Cambodia, ETimor move on

President Ramos-Horta praises reconciliation efforts, warns of oil dependency


East Timor President Jose Ramos-Horta speaks at the University of Cambodia on Wednesday as part of his three-day visit. In an interview Thursday, he spoke about similarities between his country and Cambodia.


Jose Ramos-Horta, the president of East Timor and co-recipient of the 1996 Nobel Peace Prize, spoke to the Post on Thursday about the challenges of nation-building and development, and similarities in the evolution of democracy in East Timor and Cambodia. He is visting Cambodia on a three-day trip as part of the International Peace Foundation’s event series “Bridges – Dialogues Towards a Culture of Peace”. The programme is intended to foster dialogue between Nobel laureates and students.

Cambodia and East Timor share the challenge of having to “move on” after enduring years of mass atrocities, despite the fact that many of those responsible for the mass atrocities have yet to be held accountable.

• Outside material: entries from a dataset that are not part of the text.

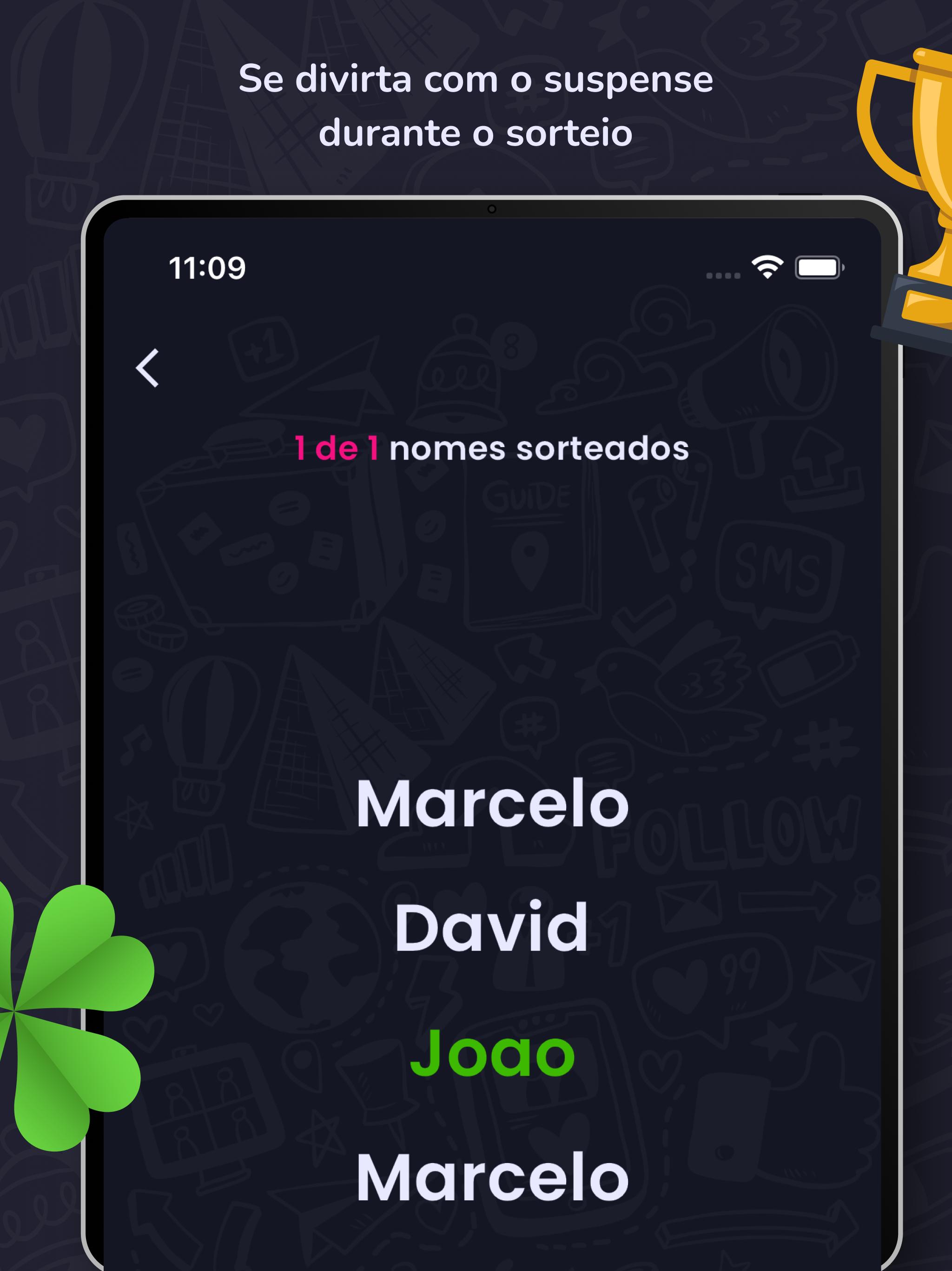 약간의 긴장감으로 가족이나 친구 모임을 뒤흔들고 싶으십니까? 모든 참가자의 이름을 입력할 수 있는 이름 그리기 기능을 사용하면 이번에는 행운의 사람이 누구인지 애플리케이션에서 무작위로 선택할 수 있습니다.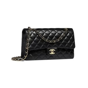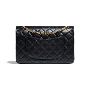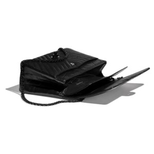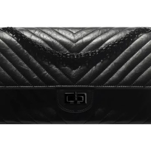 - This stylish shoulder bag is beautifully crafted of chevron-quilted aged calfskin leather in black. The bag features a polished black reissue chain shoulder strap and a mademoiselle turn lock on the flap. This opens to a matching black leather interior with zipper and patch pockets.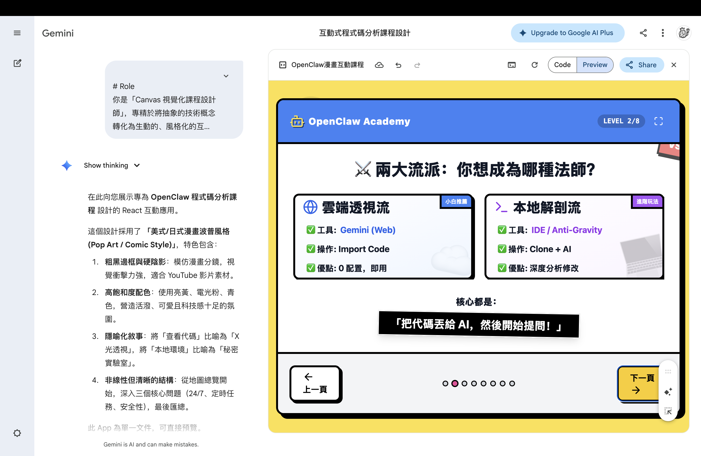 有一次和他交流,他提到可以用 Gemini Canvas 的形式來做視覺化的課程內容——不是傳統的投影片,而是直接在瀏覽器裡跑的互動式 HTML 頁面。我自己試了一下,在 Gemini 的 Canvas 模式下做出了這樣的效果: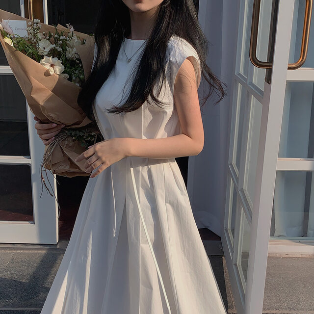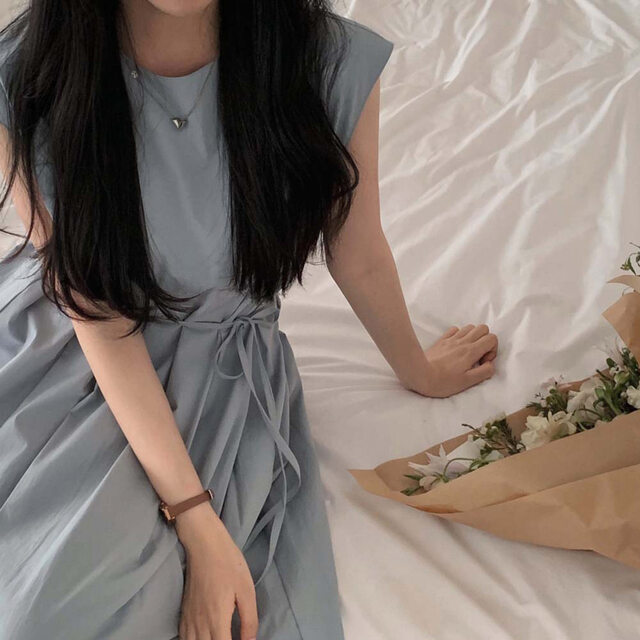 上品なリボンベルトでウエストマークができ、feminine silhouette シルエットが美しいロングワンピース。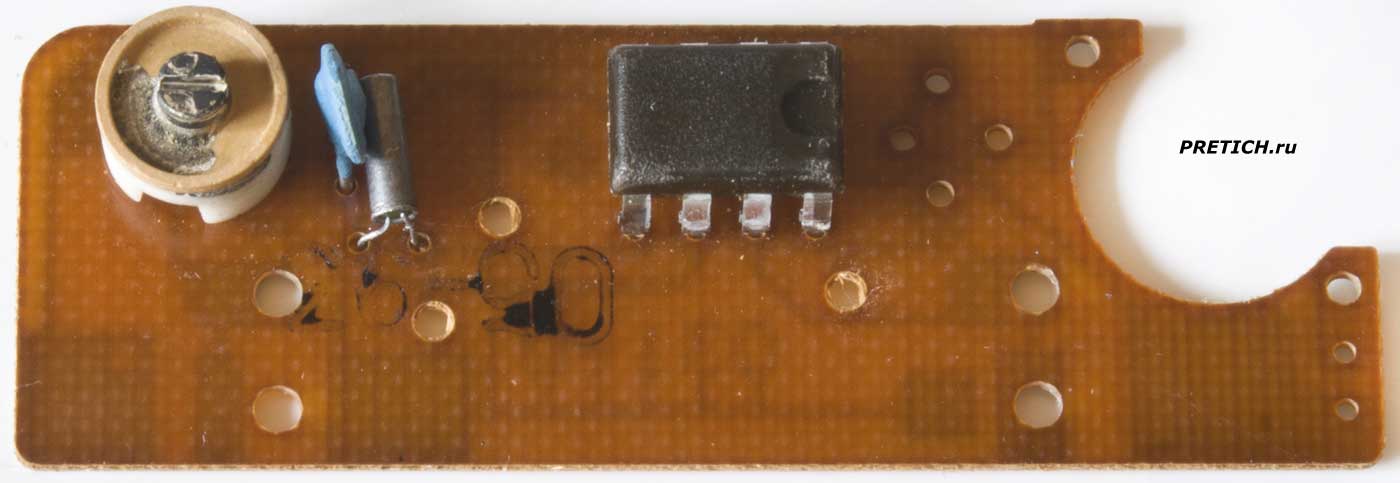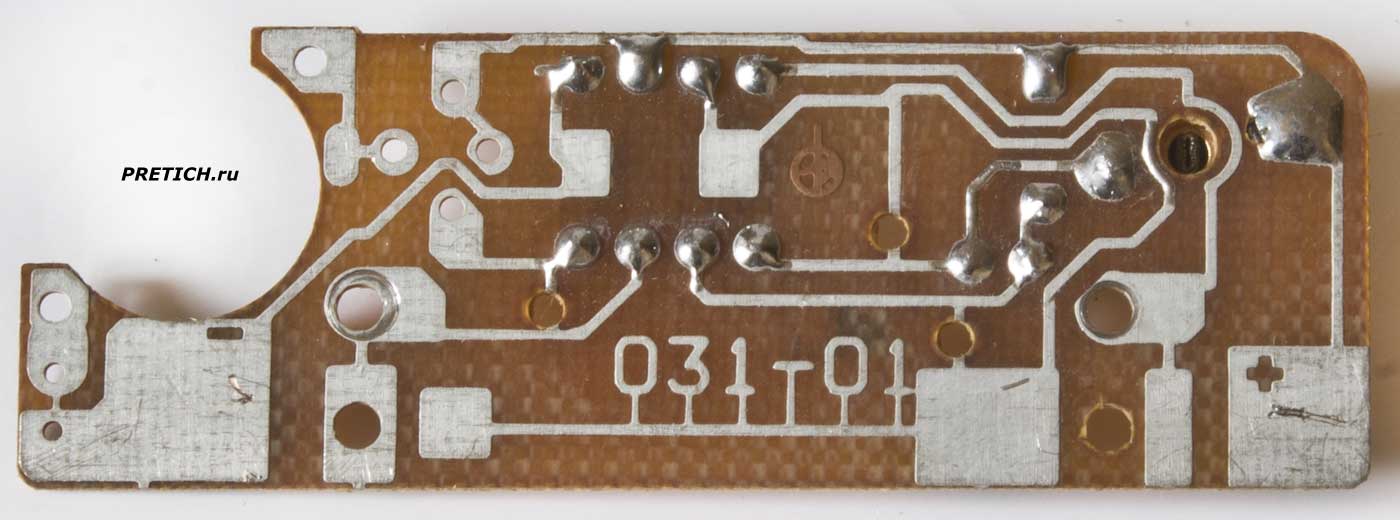 Плата электроники, с одной стороны пусто. Маркировка на плате 031-01 и неведомый мне логотип... в правом верхнем углу отверстие для регулировки.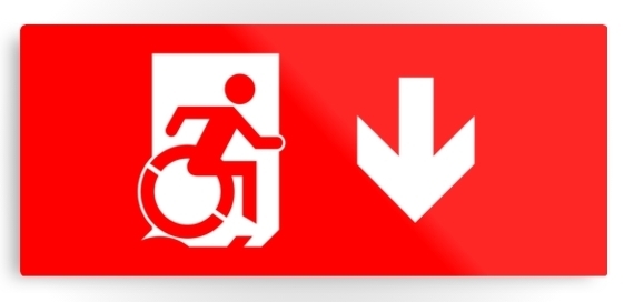 Accessible Exit Sign Project Wheelchair Wheelie Running Man Symbol Means of Egress Icon Disability Emergency Evacuation Fire Safety Metal Printed 7

How has East Timor worked towards reconciliation domestically, and with its former occupier, Indonesia?

Rather than pushing for trials of everybody involved in past violence, we pursued different avenues through the mechanism of truth and reconciliation.

This absence of prosecutorial justice as seen from the perspective of the UN or other Western countries has no bearing with the reality on the ground in [East Timor] or [between East Timor] and Indonesia.

You don’t see in my country a single act of conflict between the pro-independence and the pro-Indonesia factions.

In the terms of the relationship with Indonesia, even though there has not been a serious effort to try anyone in Indonesia responsible for the violence in [East Timor], this has not constituted an obstacle for [East Timor]and Indonesia to normalise relations and today to have an excellent relationship.

What parallels do you see between the reconciliation processes in East Timor and Cambodia?

I am very impressed with the fact that in spite of the huge tragedy that befell the Cambodian people … and the lack of a trial not only of senior [officers] but middle-level and junior cadres of the Khmer Rouge … that there is no street violence, there is no indiscriminate persecution and killing of past enemies.

The Cambodian people have shown an extraordinary ability to let the past go. It is not a question of forgetting the past, but [of] not becoming totally obsessed and hostage to the past, particularly when the past is a very tragic one.

It is a situation that should actually be a lesson to many other post-Civil War/post-conflict countries.

The Cambodians have been able to transition from the tragedy of the past into, today, a very dynamic, robust economy with a functioning democratic system, with all its imperfections, like any democracy, particularly emerging democracies.

How are Cambodia and East Timor similar in terms of their oil and gas resources?

From what I’ve read, Cambodia also has tremendous potential oil and gas, and other minerals, [which could] significantly transform this country into an economic powerhouse in Southeast Asia. Cambodia is very fortunate that it has hard-working, resilient people … and if on top of it, it has oil and gas revenues soon, it will completely transform Cambodia.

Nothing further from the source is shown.